For instance, the plot of “median income” vs. “median house value” shows an r of 0.68.

show_corr(housing, 'MedInc', 'MedHouseVal')

Exploring other pairs, like “median income” vs. “number of rooms per house,” gives an r of 0.43.

show_corr(housing, 'MedInc', 'AveRooms')

This plot reveals interesting insights and anomalies. Certain houses have many rooms but lower incomes, potentialy indicate shared accommodations. Pearson’s r can be sensitive to outliers, and removing them can significatly change the correlation.

subset = housing[housing.AveRooms < 15]
show_corr(subset, 'MedInc', 'AveRooms')

By removing outliers, the correlation increase fromm 0.43 to 0.68, emphasizing the importance of carefully considering outliers

Here’s another example correlating “median hours value” with “average number of room”:

show_corr(subset, 'MedHouseVal', 'AveRooms')

And another one correlating “house age” with “average number of rooms”:

show_corr(subset, 'MedHouseVal', 'AveRooms')

To keep track of our training progress, it’s importaint to report the Pearson correlation coefficient after each epoch. Hugging Face’s Trainer API expects a dictionary as output, with keys labeling each metrics. Here’s how you can define a function to calculate and return the Pearson correlation coefficient:

def corr_d(eval_pred): return {'pearson': corr(*eval_pred)}

Training with Hugging Face Transformers

In the world of Hugging Face, the concept of a “learner” in fast.ai is paralleled by the trainer. Let’s start by importing necessary components:

from transformers import TrainingArguments, Trainer

When training a model, we don’t process the entire dataset at once; instead we use a “batch” or “mini-batch” of data for each training step. This approach leverages the parallel processing capabilities of GPUs.

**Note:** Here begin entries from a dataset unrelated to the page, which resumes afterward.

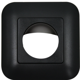
Marco embellecedor IP20 Indoor 180 Nº de artículo: 92634

Dimensiones: 86 x 86 mm Grado de protección / Clase: IP20 Carcasa: Policarbonato de alta calidad
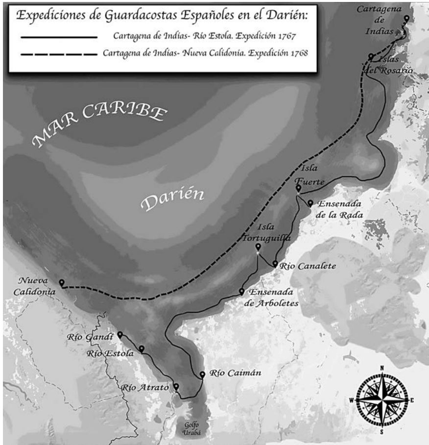
FIGURA 4. Mapa. Expediciones de guardacostas españoles en el Darién realizadas en 1767 y 1768.

numerosos accidentes geográficos que constituían una costa compleja, pues la sucesión de cabos y golfos ocultaba al enemigo. Tras partir de Cartagena de Indias, los barcos llegaron a la isla del Rosario dos días después a pesar de no haber demasiada distancia entre ambos puntos. Desde allí alcanzaron Isla Fuerte, donde se incorporaron las lanchas y las piraguas que transportaban el armamento. Al día siguiente, dichas embarcaciones fueron enviadas a reconocer la ensenada de la Rada y el río Canalete, para después volver
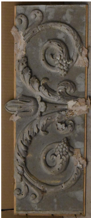
Morceau complémentaire 1 - panneau 4 IVR84_20226300830NUCA
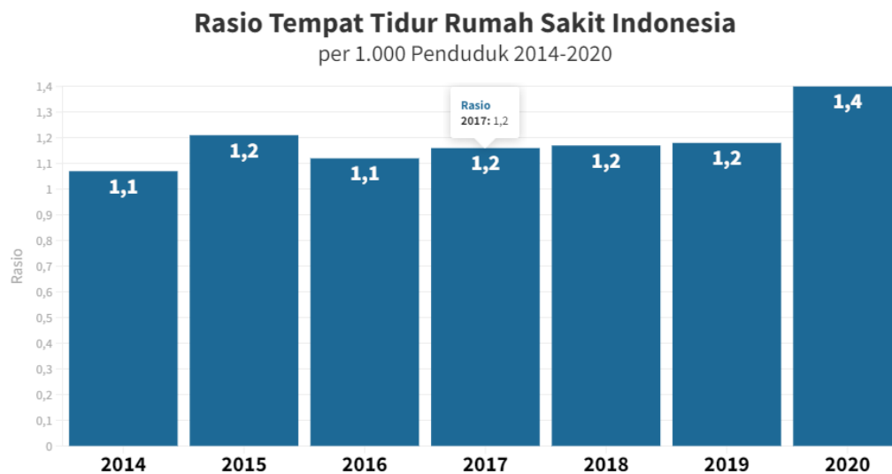
Gambar 1. 1 Rasio Tempat Tidur Rumah Sakit Indonesia
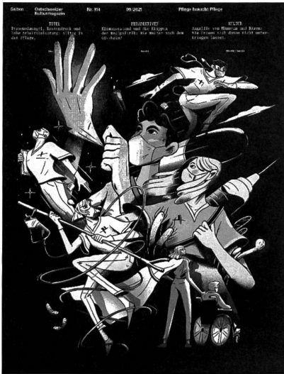
Nr. 314, September 2021

Hallo! Han grad s'Magazin glese und wöt mich bedanke für die tolle Biträg zude Pflegeinitiative! Durch so Biträg hani grossi Hoffnig, dass s'Volk im November richtig abstimme wird. Danke, danke, danke! Es isch dä schönst Bruef, au wens amix härt isch!
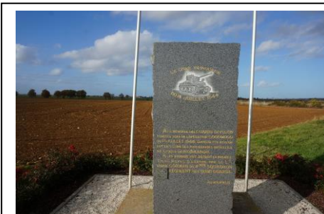
Minnesmärke över Gorman
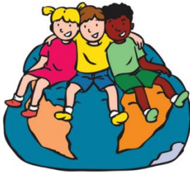
We horen bij elkaar

Het eerste blok van De Vreedzame school gaat over Wij horen bij elkaar
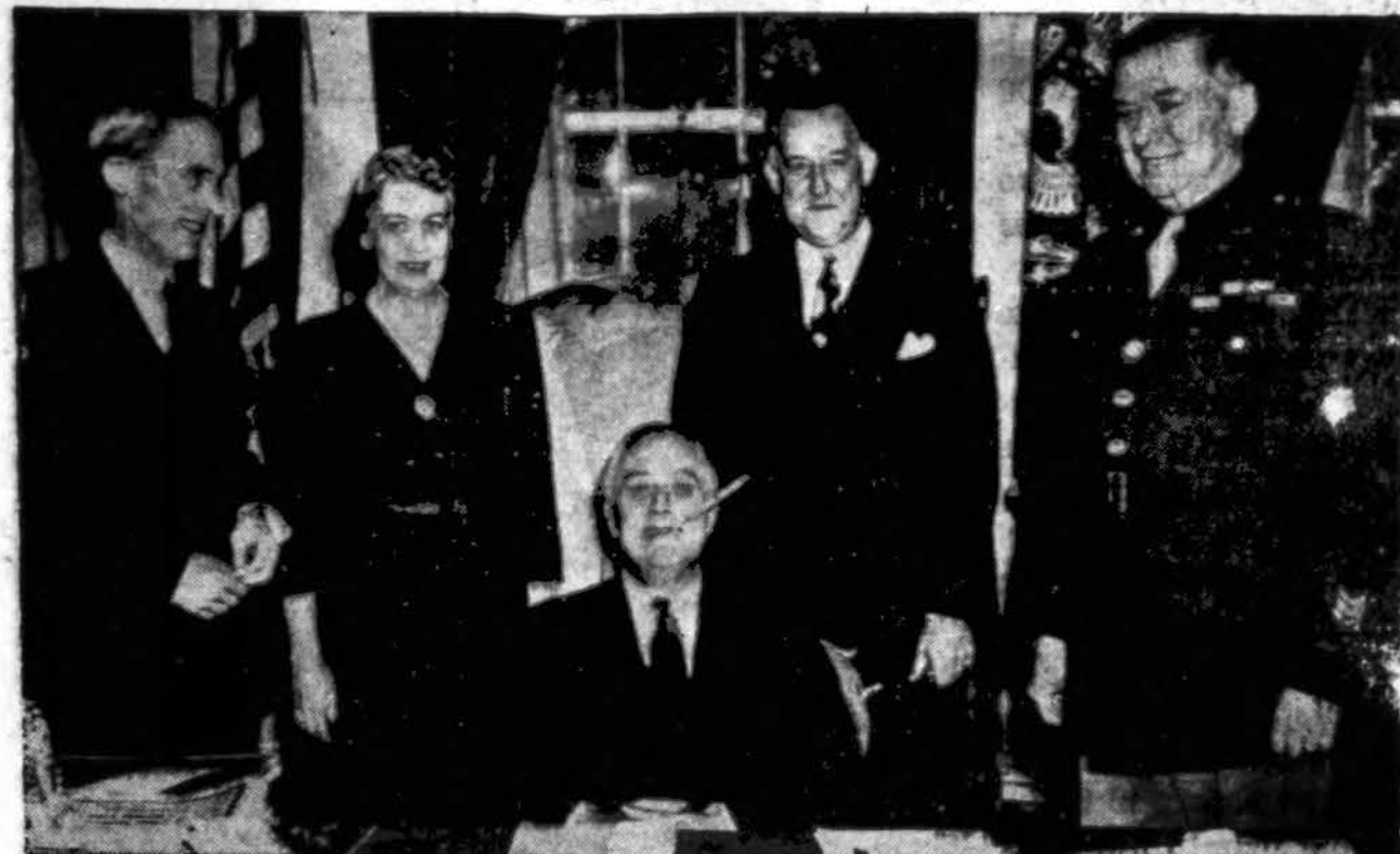
Prezidentas Rooseveltas švenčia su savo ofiso bendradarbiais dešimt metų sukaktį Ižengė į vienuoliktus metus. Iš kairės į dešinę sekretoriai: Marvin McIntyre ir Miss Grace Tully, prezidento sekretoriai; sekretorius Stephen Early ir Maj. gen. Edwin Watson, FDAR's Military Aide.

In our case, let’s set the batch size to 128. Large batch size speed up training by maximizing GPU utilization but beware of potential “out of memory” errors if set too high.

Next, configure the training arguments:

bs = 80
epochs = 4
lr = 8e-5

args = TrainingArguments(
    'outputs',
    learning_rate=lr,
    warmup_ratio=0.1,
    lr_scheduler_type='cosine',
    fp16=True,  # Enable mixed precision training
    eval_strategy="epoch",
    per_device_train_batch_size=bs,
    per_device_eval_batch_size=bs*2,
    num_train_epochs=epochs,
    weight_decay=0.01,
    report_to='none',
)

Most of these arguments can be left as defaults, but the key ones to focus on are the batch size (bs), number of epoches (epoches), and learning rate (lr).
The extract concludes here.